TSE:GRT.UN
This summary was created by AI, based on 7 opinions in the last 12 months.
Granite REIT (GRT.UN-T) has received positive reviews from various analysts, highlighting its strong tenant base and robust cash flow, notably from its primary tenant, Magna, which has transitioned from short-term to longer-term contracts. The company has adeptly managed challenges posed by tariffs, geopolitics, and inflation, with a noticeable recovery in leasing activity in its industrial properties, especially in growing markets like the Florida-Texas belt. Although there are concerns about vacancies in the U.S. Midwest, Granite has been proactive in addressing these challenges. The overall sentiment suggests that the REIT is well-positioned for future growth, particularly as interest rates stabilize and the market for industrial properties rebounds, making it an attractive option for dividend income through 2027.
This has a huge exposure to Magna (MG-T) and their operating platforms. Not a bad REIT. The whole REIT sector in Canada has been a bid down. This company generally has had lower leverage making it somewhat attractive. Has never taken a position in the REIT sector. Would prefer Artis (AX.UN-T) or Brookfield Property Partners (BPY.UN-T) over this. (He owns some of their bonds.)
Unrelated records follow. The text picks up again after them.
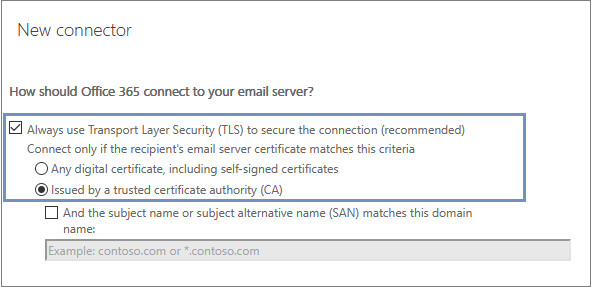 5. For 'How should Office 365 connect to your email server?' make the following selections. This is to make sure that communication between Exchange Online and Seclore EAP SaaS setup is always over TLS.
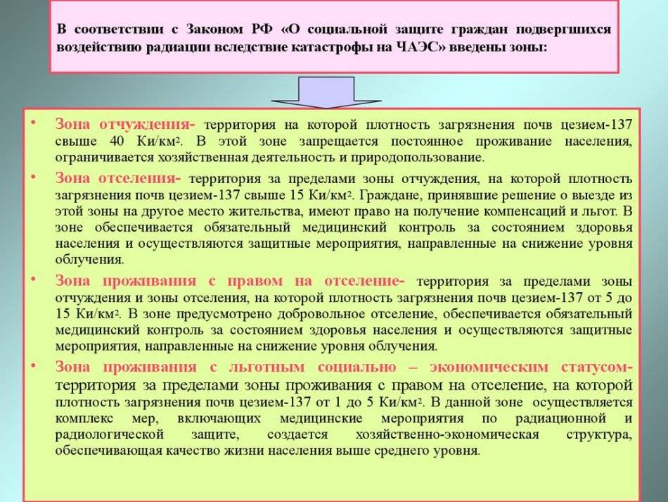 Кроме того, если плотность загрязнения почвы составит больше 40 кюри/кв. км, а также доза облучения в течение года может превышать 5,0 мЗв, то население будет отселено. На остальной территории зоны гражданам, принявшим решение о выезде, предоставляются компенсации и льготы.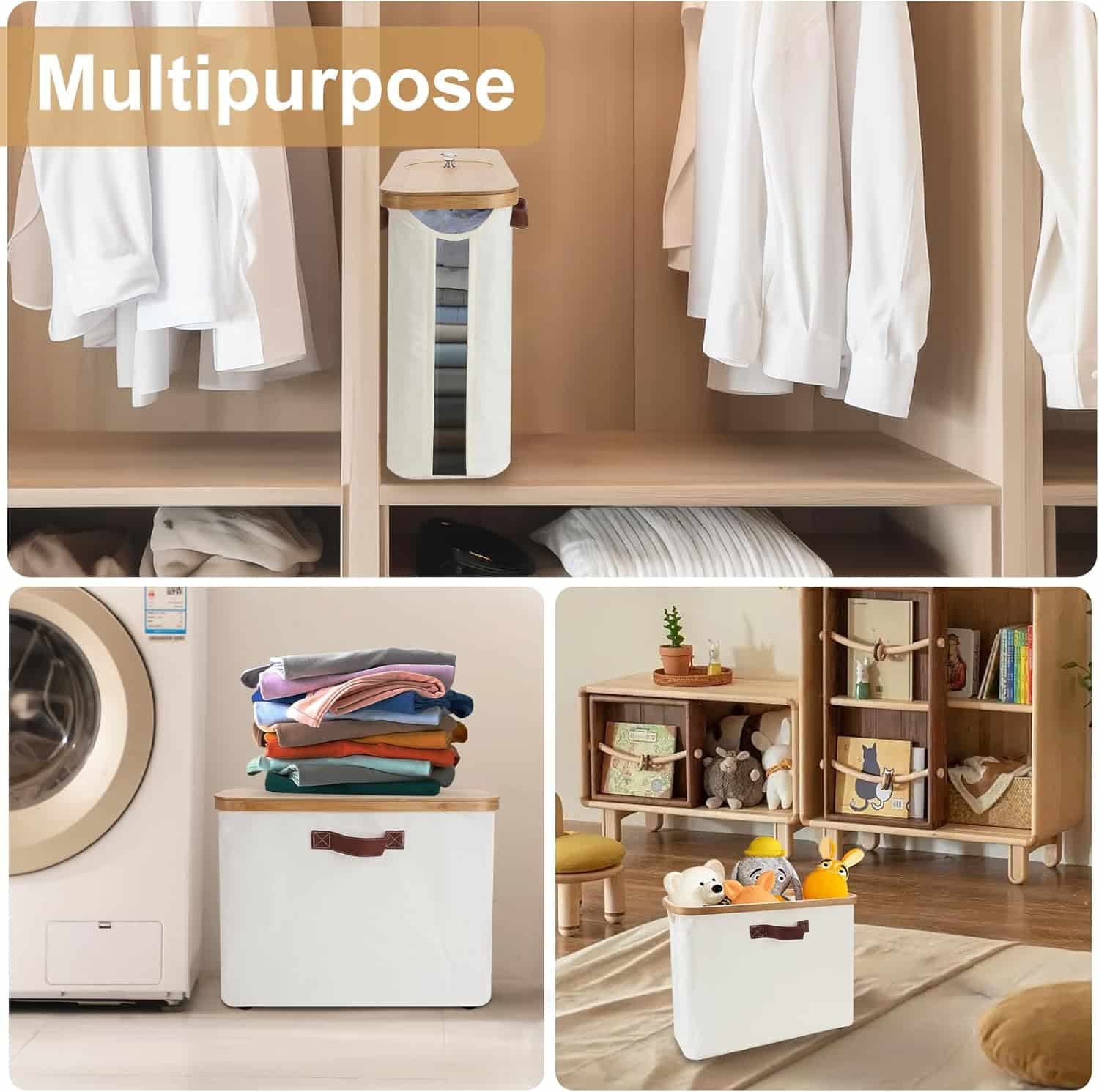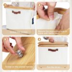 Premium Quality Build: Crafted with a smooth bamboo frame that’s both stylish and durable, paired with waterproof Oxford fabric, this toilet paper storage holder is built to last. The 4 bamboo rods with hook-and-loop fastener keep it sturdy, while the crystal handles and bamboo lid add a touch of elegance.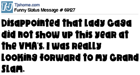X is Disappointed that Lady Gaga did not show up this year at the VMA's, I was really looking forward to my Grand Slam.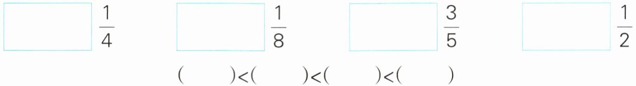 3. 分一分,涂一涂,并把这些分数按从小到大的顺序排列。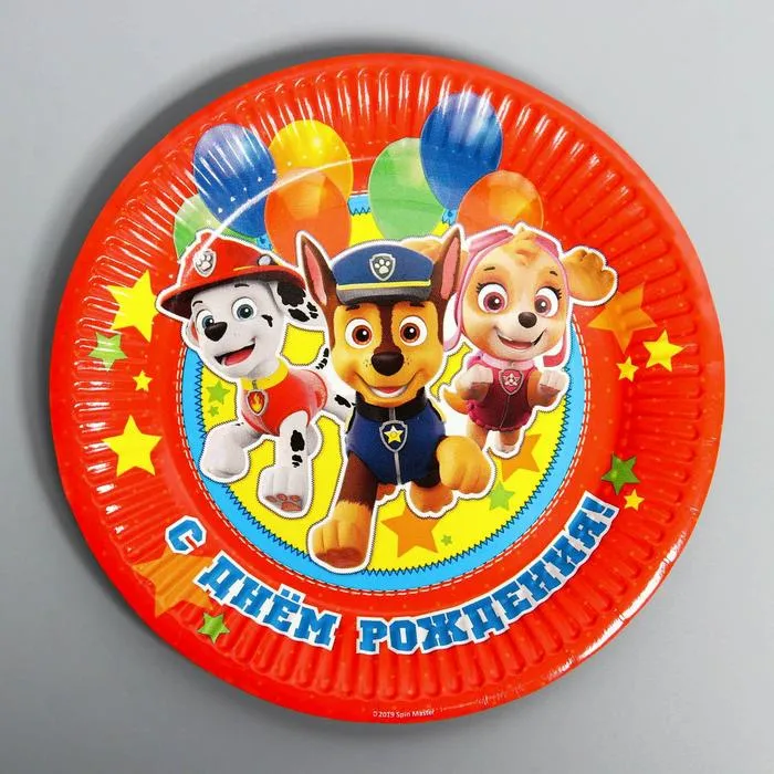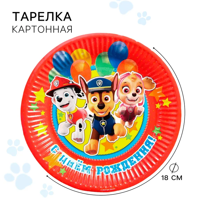 Тарелка одноразовая бумажная "С Днем Рождения!", 18 см, Щенячий патруль — Характеристики

They have the lowest debt of any of the Canadian REITs. Because of that they are able now to use solely debt in order to acquire and build up their portfolio. They have a very disciplined approach of only buying real estate that they are comfortable with. This is a global industrial real estate. He buys this on the dips.
Likes this. An international REIT, as you are buying industrial real estate across the world. A lot of that is linked to the Magna (MG-T) empire. That can cause certain bits of disruption and a certain amount of volatility. The balance sheet is so good that they have the ability to continue to acquire high quality industrial real estate globally. Good source of income and growth over the next 3 years.
They were pretty much 100% a Magna property, which brings risk, but they have a great balance sheet, about half the leverage of the average REIT. The trick here is to add acquisitions, adding property other than Magna to reduce the risk profile and increase the distribution. As long as they can continue to execute and buy more properties at the right price, you see the dividend continued to increase. Yield of 5.31%.
Magna is the main tenant. They are trying to reduce that concentration to 50% from 85% now. They sold some non-core assets. He will not allocate capital here because he does not like the long term prospects. Payout ratio and leverage are low enough that there is not a lot of risk if you hold it for the distribution.
If the annual payout rate has gone up 4.75% and if the auto sector takes a large hit, will this be affected drastically? This is his concern as well. This REIT represents an entity that has a majority of its assets leased on a single tenant basis to Magna International (MG-T). Any difficulty in Magna flows right through to the REIT. While it may not directly flow through on day 1 on news headlines, you have to believe that the underlying real estate is going to have a use further than what Magna has for it. The company has planned to reduce their exposure over the next 3-4 years to about 50% of their total assets. They are also in a great position, from a leveraged standpoint. They have the ability to grow by using debt and debt capital markets are wide open now have very attractive pricing. They can go out and buy industrial assets and diversify. Payout ratio is at a sustainable level. From his perspective, the single tenant risk is too high.
(A Top Pick March 7/13. Up 3.43%.) Owns all real estate that Magna (MG-T) operates on. Have tons of cash that they can use to diversify. Acquisition pace has been a little bit slower than everybody would’ve liked, but they are steadily making progress. Just renewed a big contract with Magna. Pays a pretty decent dividend yield.